Театр вправду хочет натиском сатиры свести с ума, пронять до костей своего зрителя безумным терпением масс к милитаристам. Восторженно рычит в зал рыночный торговец, добродушный толстяк, прототип Швейка, Храмоста–Кристоф Круцлер: “Es ist Krieg!” (“Это война!”). Не испытывает никаких сентиментальных чувств пилот, бомбивший любимую Венецию (тоже предмет интереса прессы). Спускаясь сверху на цирковом канате, пляшет в воздухе танец войны обезумевший ангел. Звучат все новые и новые отчеты о жертвах, а наш бодрячок-Оптимист натягивает галифе. Тащит через всю сцену огромный белый пергамент со своим победным репортажем, размахивая им, будто флагом, поднимая его на руках, как ребенка, красавица Шалек. Это воодушевление словом медийного вранья вызывает у зрителя одновременно и исторические, и современные ассоциации.

Мощна картина финала. Прежде красавчик и гроза балов, обессиленный, обрюзгший император Франц Иосиф (Матич) прилип к рампе, будто сонная рептилия. Краус – о, ядовитые гротески Крауса! – пытается вложить в его уста слова Бога, слова покаяния. Тень императора и пролепетать их не может. На лестнице с поминальными свечами колышутся фигуры полупьяных соотечественников, военных репортеров, им сообщают о росте смертности, а некий ученый из их числа утверждает, что здоровье нации крепчает. Правду не слышат, да она никому и не нужна. Картину полного народного одобрения оттеняет град кусков льда, методично швыряемых на пол участниками пикника. Появляется солдат с окровавленным пакетом: “Это мой первый итальянский мертвец”. Мы узнаем в нем бравого обывателя Храмосту (образ “триумфующего болвана”, по выражению драматурга). Пакет с отрезанной головой – последний страшный удар по нашим нервам.

Апокалиптические интонации “хрупким узлом” синтеза искусств соединились с отрицающими и сочувственными. На протяжении пьесы ждут Бога-судию – так полагал один из исследователей творчества Крауса. В спектакле Бургтеатра мир на грани полного словесного безумия, здесь ожидают нового палача и содрогаются от тупой и мрачной хореографии толпы, от боли и ужаса, в надежде, что зал извлечет из трагического бурлеска хоть какой-то урок. Эпохе патриотического воодушевления конец – что дальше?
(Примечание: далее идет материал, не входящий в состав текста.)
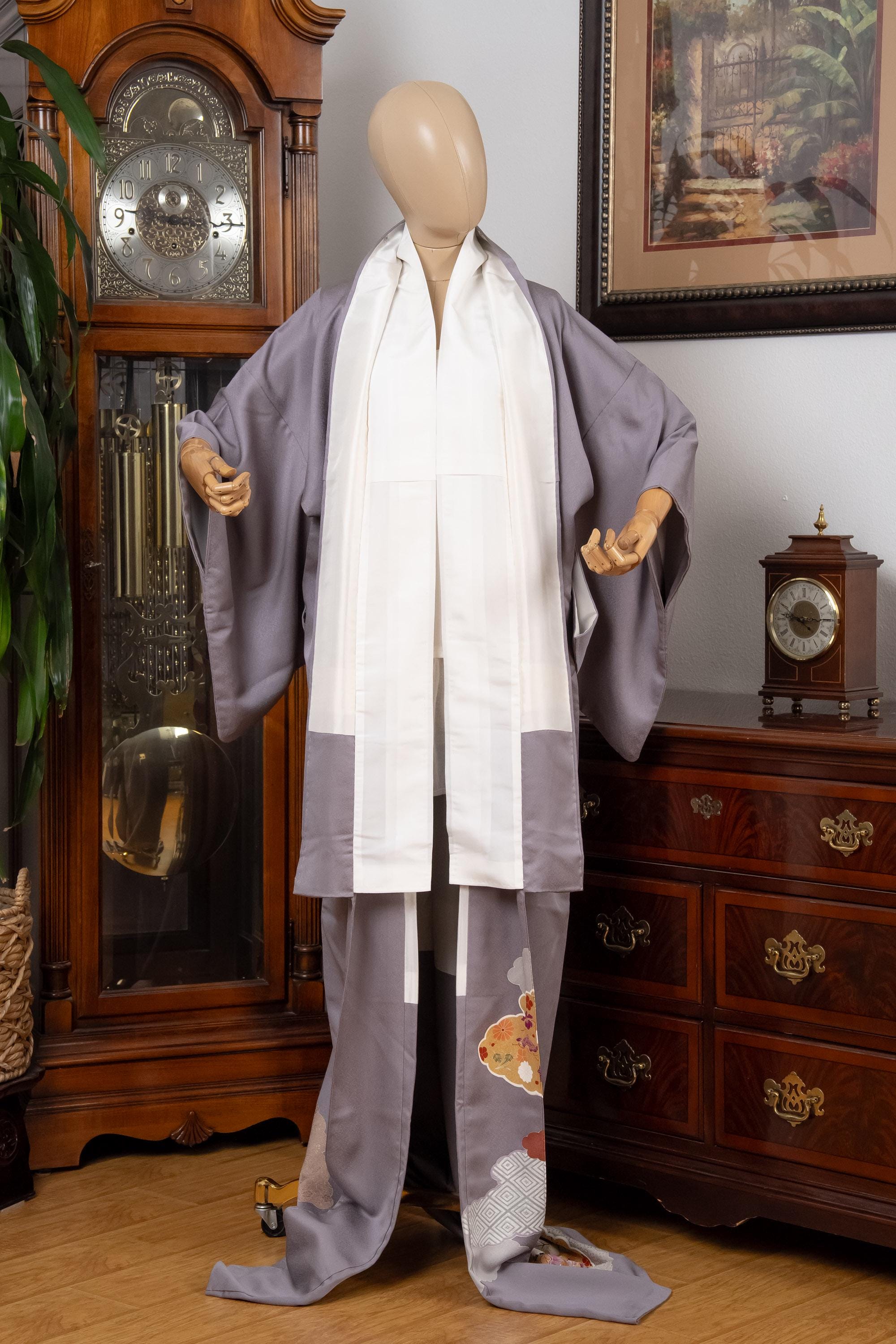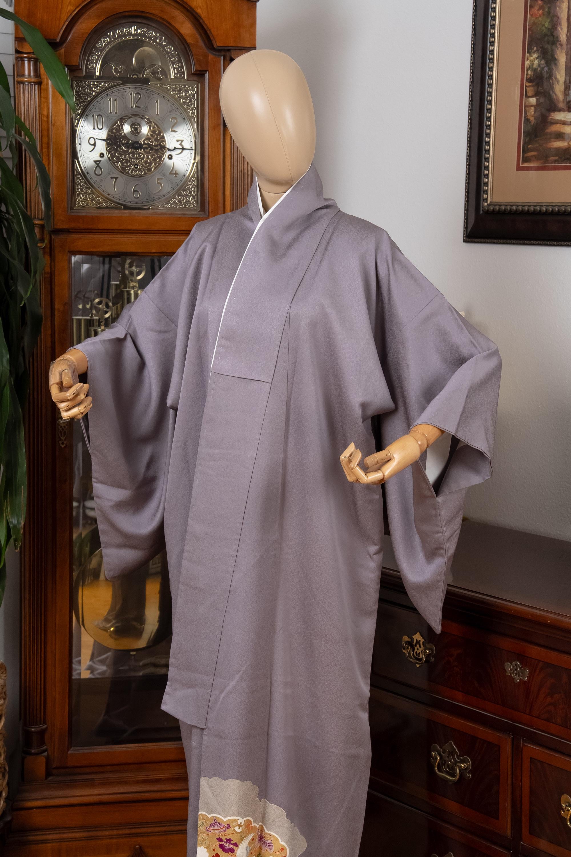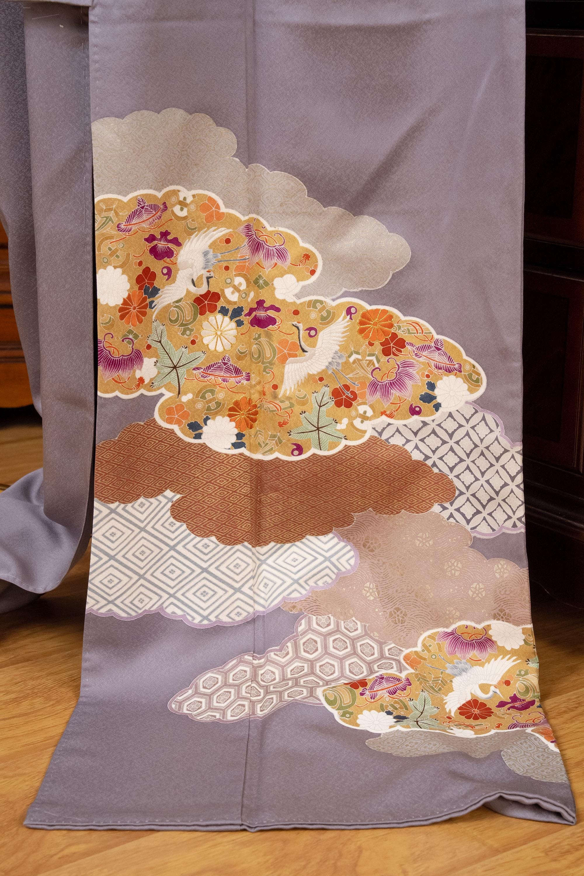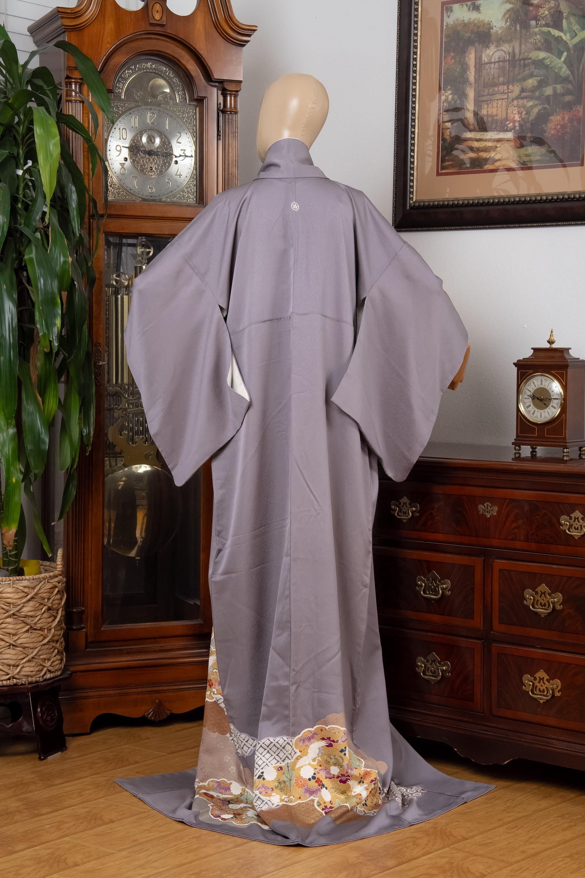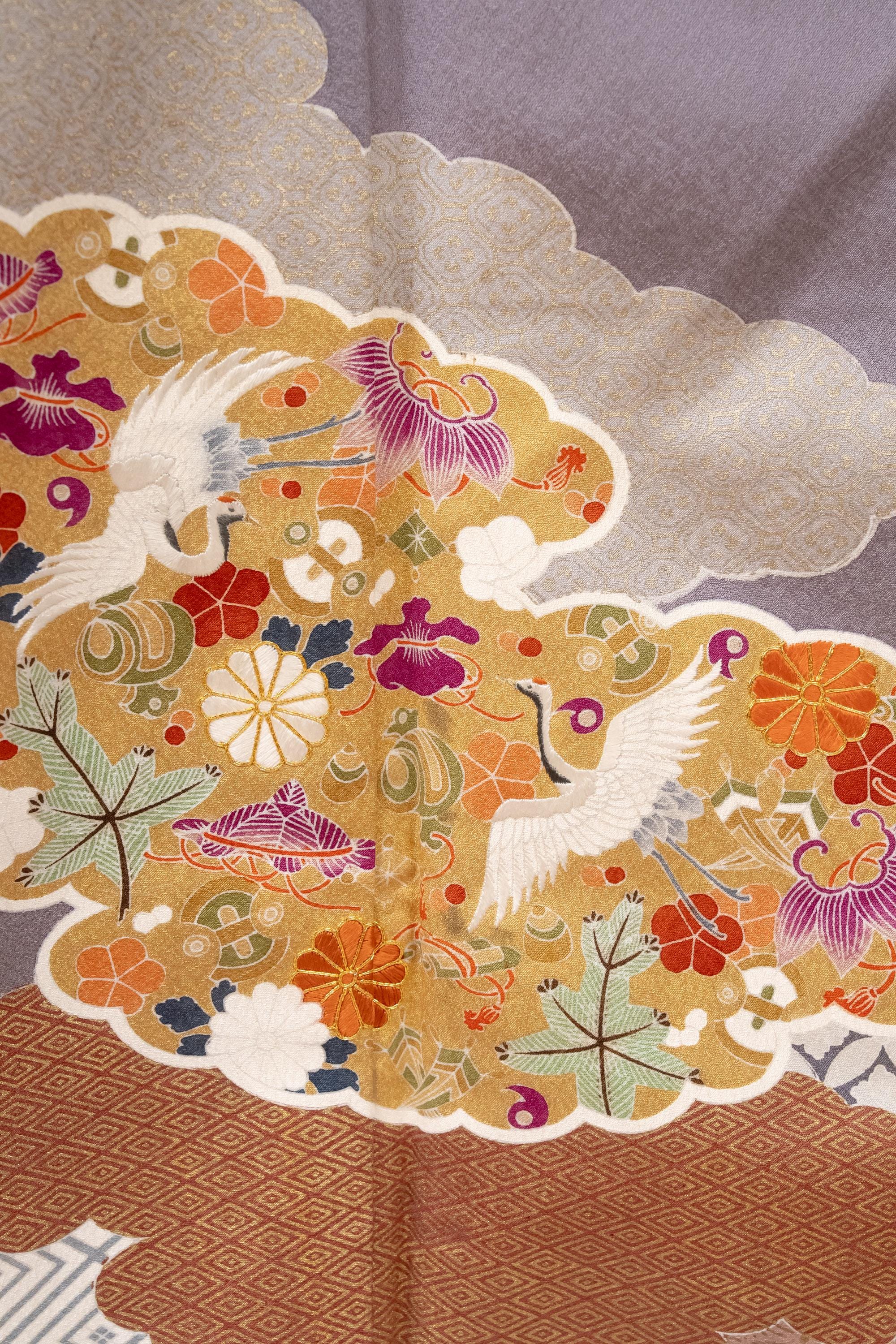 Tomesode is the most formal, high class Kimono for all ceremonies and occasions. Black ones are worn by married women and colored ones are worn by both married and unmarried women. Distinct characteristics of Tomesode are family crests and surrounding patterns around the hem. Numbers of family crests specify formality and rank.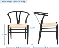 Der Y-Stuhl, auch bekannt als Querlenkerstuhl, ist ein klassisches und praktisches Möbelstück. Durch die Leichtigkeit des Designs fügt sich dieser Stuhl harmonisch in eine Vielzahl von Wohnstilen ein. Sie können ihn im Esszimmer, im Wohnzimmer und im Studio verwenden. Der geflochtene Sitz mit seiner geschwungenen Rückenlehne und den Armlehnen sorgt für Komfort. Robuste Materialien ermöglichen die langfristige Anwendung. Bei Nichtgebrauch lassen sich die Stühle auch platzsparend stapeln.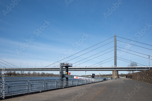 © Peeradontax, Obraz premium Outdoor sunny view along promenade riverside and bridge toward pier, pontoon or buoy over Rhine River and background of suspension bridge in Düsseldorf, Germany.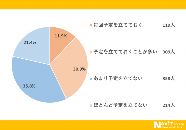 「毎回予定を立てておく」と「予定を立てておくことが多い」を合わせると、42.8%の人が予定を立てていることが分かりました。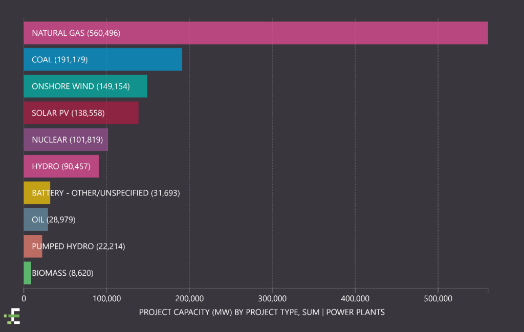 Figure 1: Total operating capacity in MWs by project type across the U.S. based on power plants data from Enverus PRISM®

Какое же самое сильное потрясение в этой издевательски-траурной мессе Бургтеатра, подсунутой под самый нос человечеству, погребающему себя под звуки марша и оперетки? Не сцена с танцующим ангелом или с пергаментом лжи, взлетающим, словно птица; не финал. Самое сильное впечатление – глухо, при абсолютном молчании, внемлющий зал, застигнутый на самом острие повтора исторической ситуации, жестоко уязвленный собственным бессилием.

Владимир КОЛЯЗИН
Фото Georg Soulek/Burgtheater
«Экран и сцена»
№ 14 за 2016 год.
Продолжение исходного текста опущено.